DATA EXCERPTS:
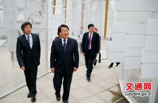 蔡武部长在中国美术馆馆长范迪安先生陪同下参观《山水意园》公共艺术展
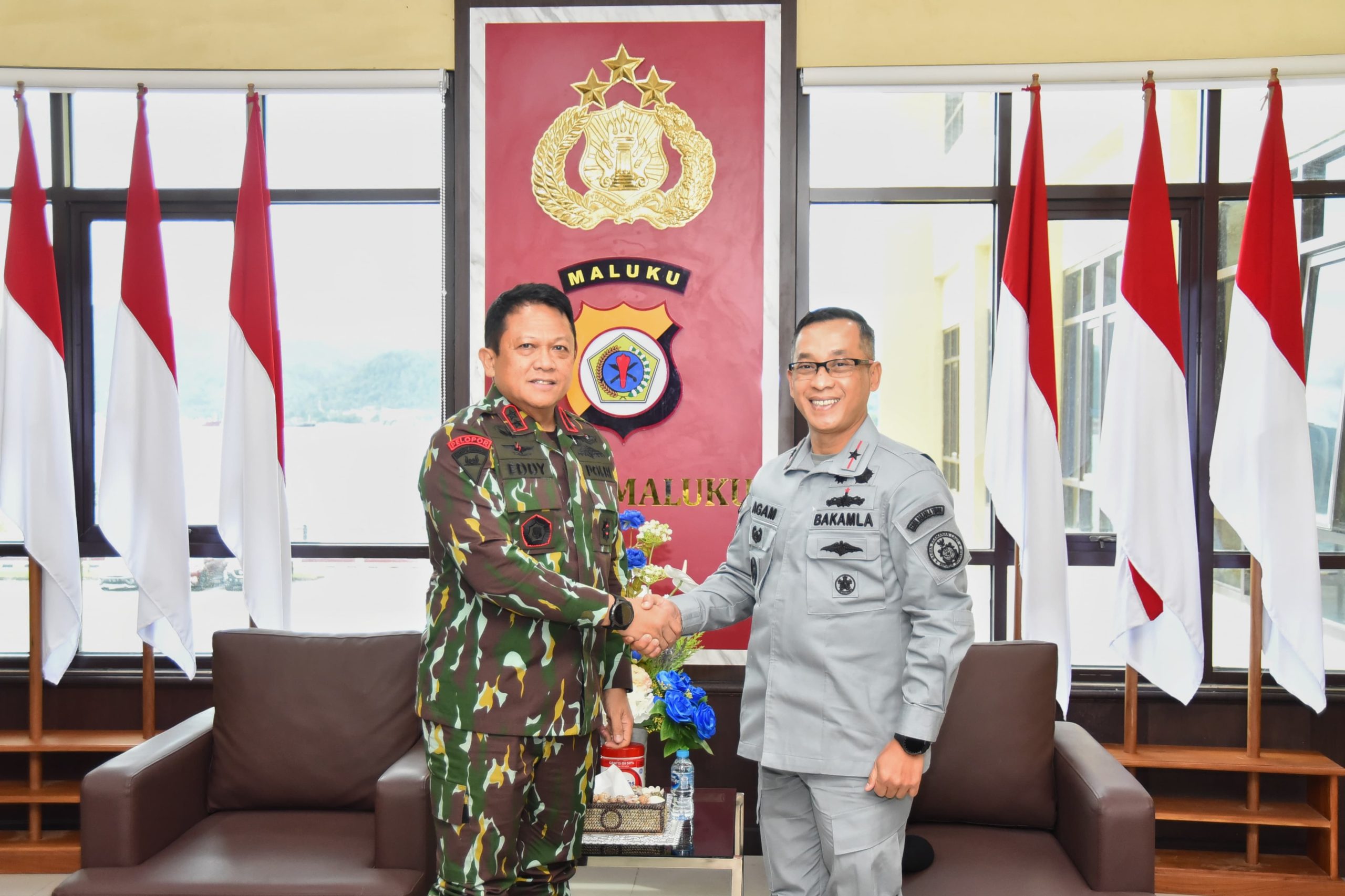Ambon.Kabarsulsel.lndonesia.com.Kapolda Maluku, Irjen Pol. Drs. Eddy Sumitro Tambunan, M.Si, menerima kunjungan silaturahmi dari Kepala Kantor Bakamla Zona Maritim Timur, Laksma Bakamla Agam Endrasmoro.
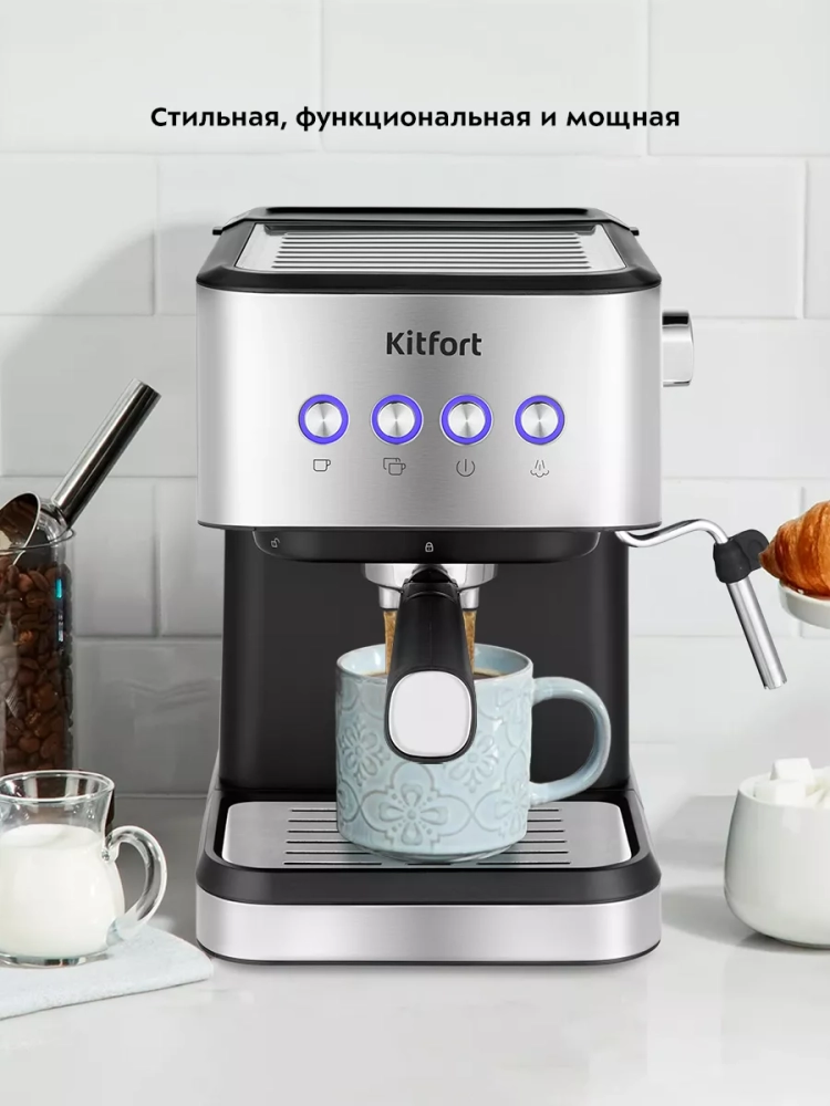 Рожковая кофеварка Китфорт КТ-7140 поможет приготовить кофе эспрессо, капучино или латте, а также множество других видов кофе на ваш вкус. С помощью рожковой кофеварки также можно подогреть сок, остывший чай и другие напитки.
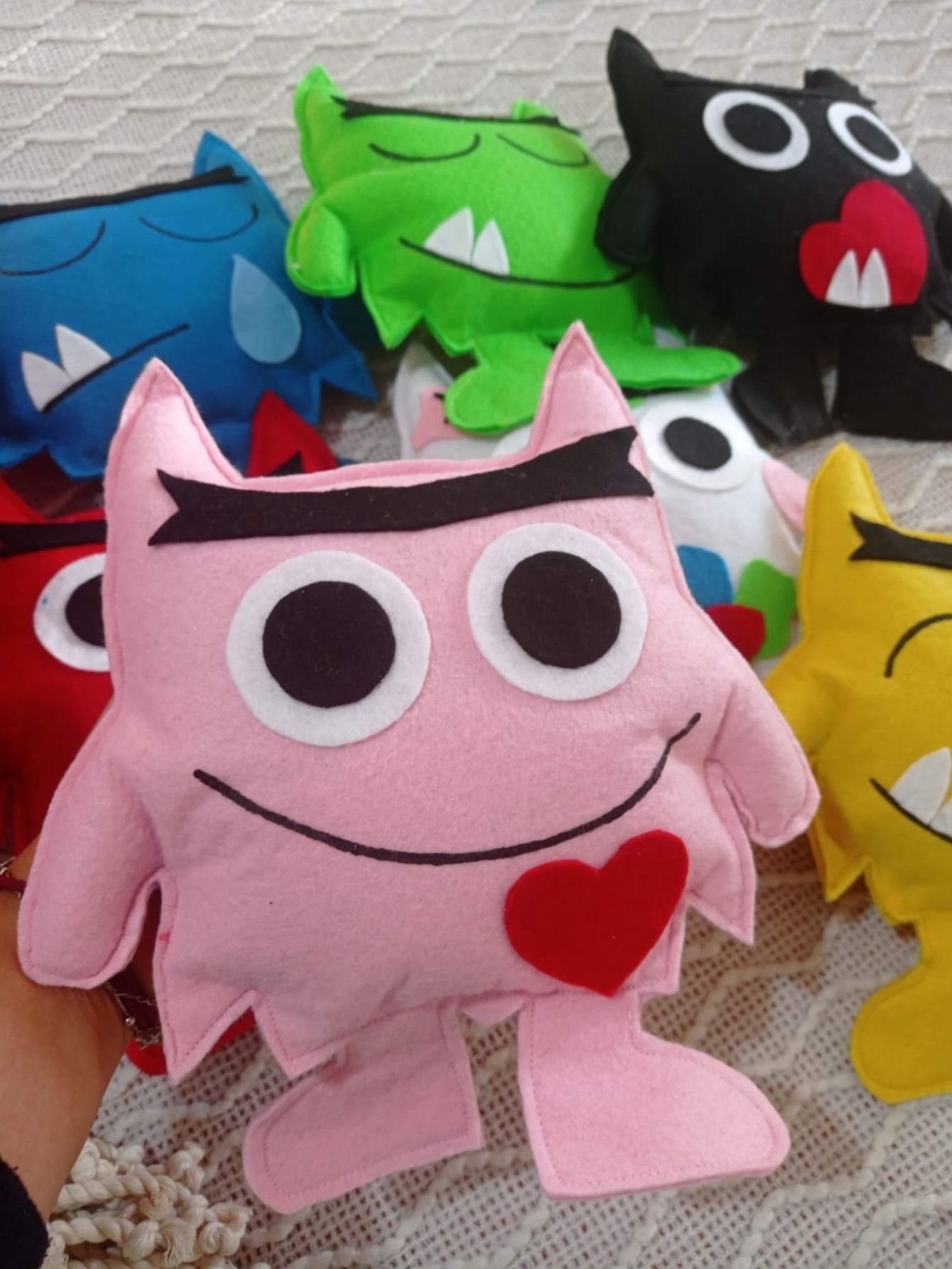 Set de 7 monstruos de la emociones de 24 x 23 cm, Juguetes de fieltro, hecho a mano, Monstruo manualidades, mi pequeño muñeco de Dibujos Animados de Monstruo Emocional, Juguete de Monstruo Azul/Rojo, Juego de muñecos de colores, paquete set de 7 muñecos terapia emocional, apoyo psicología, regalo cumpleaños navidad
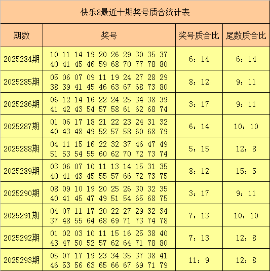 福彩快乐8第2025293期开出奖号:05 07 17 19 23 34 35 37 38 41 46 53 56 63 65 66 67 69 71 79,其中奖号质合比为11:9,奖号尾数质合比为12:8。
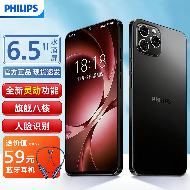 飞利浦S6105全新八核智能手机超薄百元学生价大屏旗舰手机便宜长续航老人老年备用机电竞游戏 星耀黑
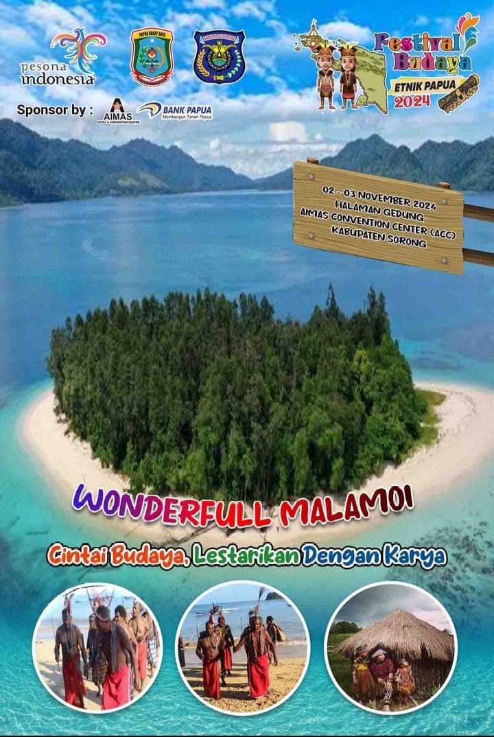 Festival budaya etnik diadakan pada tanggal 2 - 3 November 2024 di Halaman Gedung Aimas Convention Center Kabupaten Sorong.
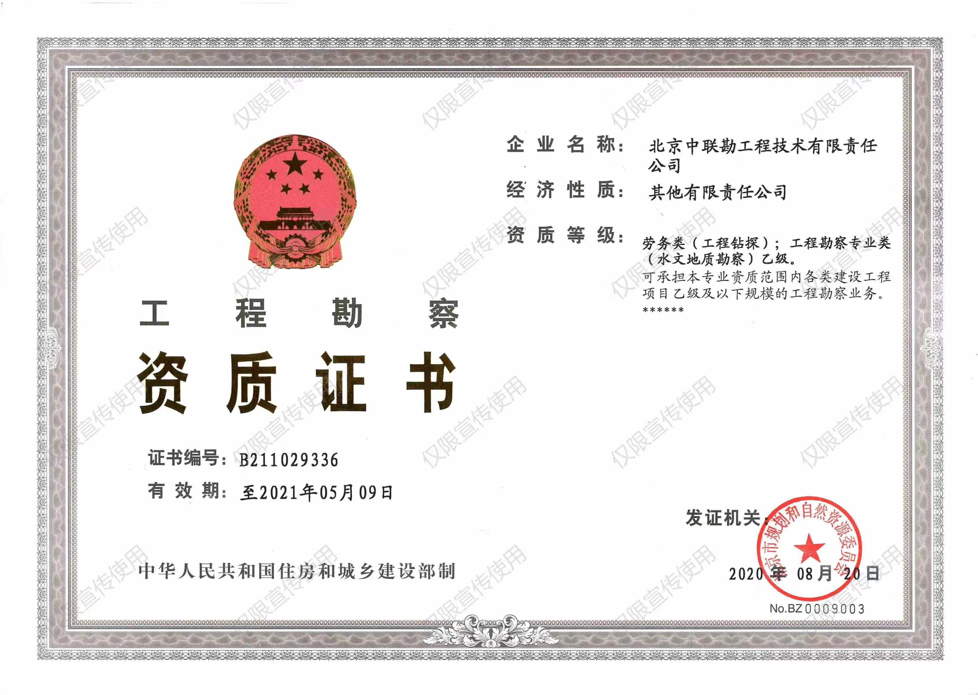 劳务类(工程钻探);工程勘察专业类(水文地质勘察)乙级
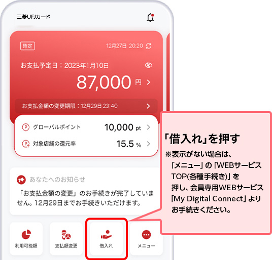アプリ、WEBサービス、お電話からのお申し込みで、お客さまのカードご利用代金お支払口座にご希望の金額をお振り込みするサービスです。ご利用可能枠の範囲内で、繰り返しご利用いただけます。
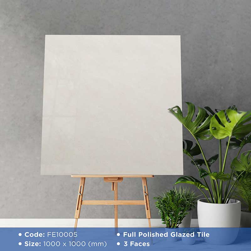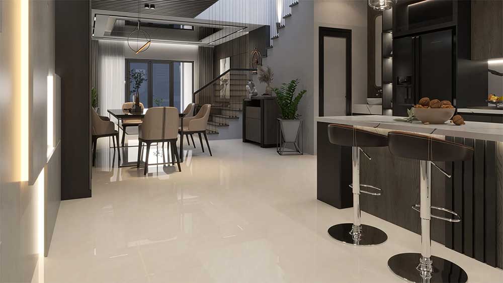 Gạch lát nền kích thước 1000×1000 mm với bề mặt bóng (Polished Porcelain) mang đến vẻ đẹp sang trọng và hiện đại bậc nhất. Bề mặt được mài bóng sáng mịn, phản chiếu ánh sáng tự nhiên, giúp mở rộng không gian, tôn lên sự tinh tế và đẳng cấp cho từng chi tiết thiết kế.
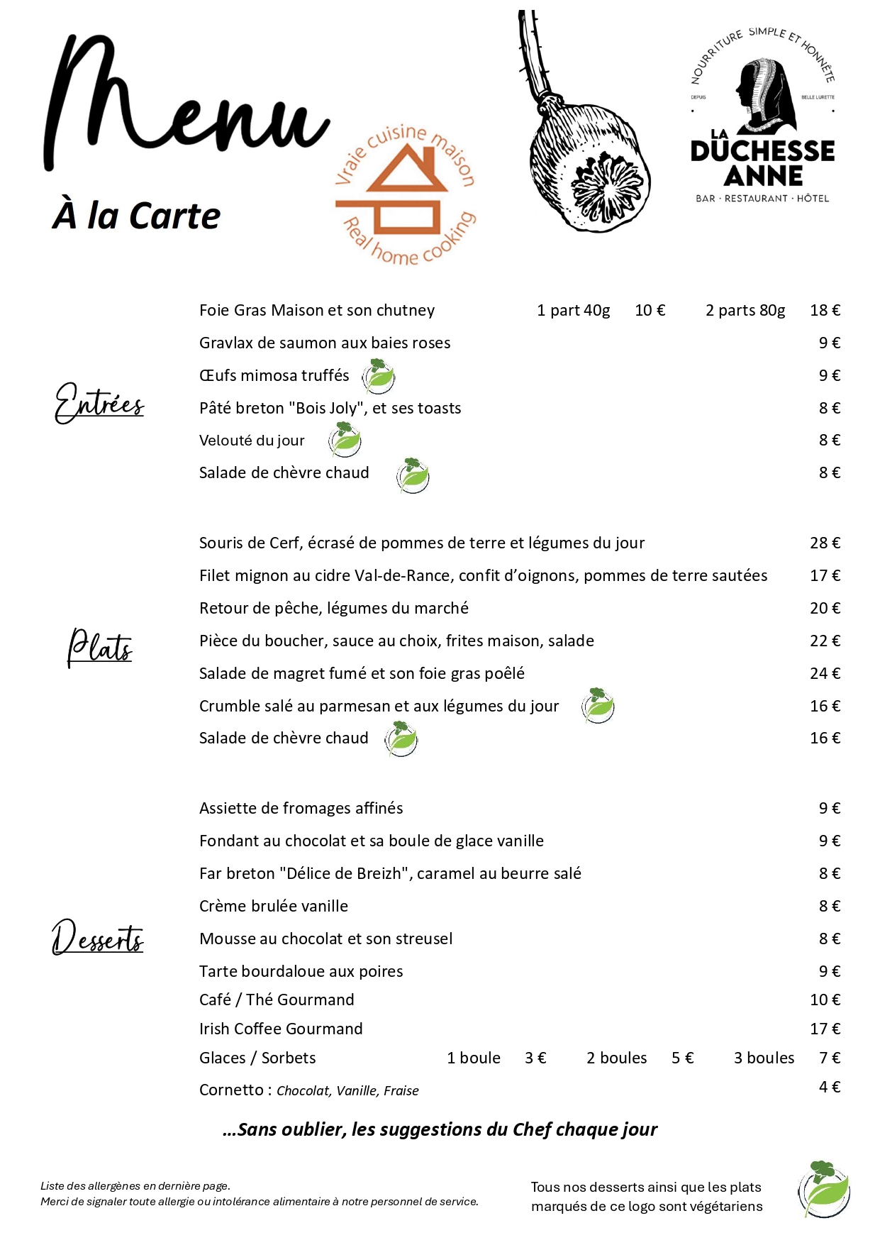 Parce que la convivialité passe aussi par l’attention portée à chacun, La Duchesse Anne propose également une sélection de plats végétariens, pensés pour plaire à tous les palais.

EXERCISE DETAILS: Set down only the lines from the one with "飞利浦S6105全新八核智能" through the end of the entries, exactly as they appear, leaving out each picture.

SOLUTION TO THIS PROBLEM:
 飞利浦S6105全新八核智能手机超薄百元学生价大屏旗舰手机便宜长续航老人老年备用机电竞游戏 星耀黑
 Festival budaya etnik diadakan pada tanggal 2 - 3 November 2024 di Halaman Gedung Aimas Convention Center Kabupaten Sorong.
 劳务类(工程钻探);工程勘察专业类(水文地质勘察)乙级
アプリ、WEBサービス、お電話からのお申し込みで、お客さまのカードご利用代金お支払口座にご希望の金額をお振り込みするサービスです。ご利用可能枠の範囲内で、繰り返しご利用いただけます。
 Gạch lát nền kích thước 1000×1000 mm với bề mặt bóng (Polished Porcelain) mang đến vẻ đẹp sang trọng và hiện đại bậc nhất. Bề mặt được mài bóng sáng mịn, phản chiếu ánh sáng tự nhiên, giúp mở rộng không gian, tôn lên sự tinh tế và đẳng cấp cho từng chi tiết thiết kế.
 Parce que la convivialité passe aussi par l’attention portée à chacun, La Duchesse Anne propose également une sélection de plats végétariens, pensés pour plaire à tous les palais.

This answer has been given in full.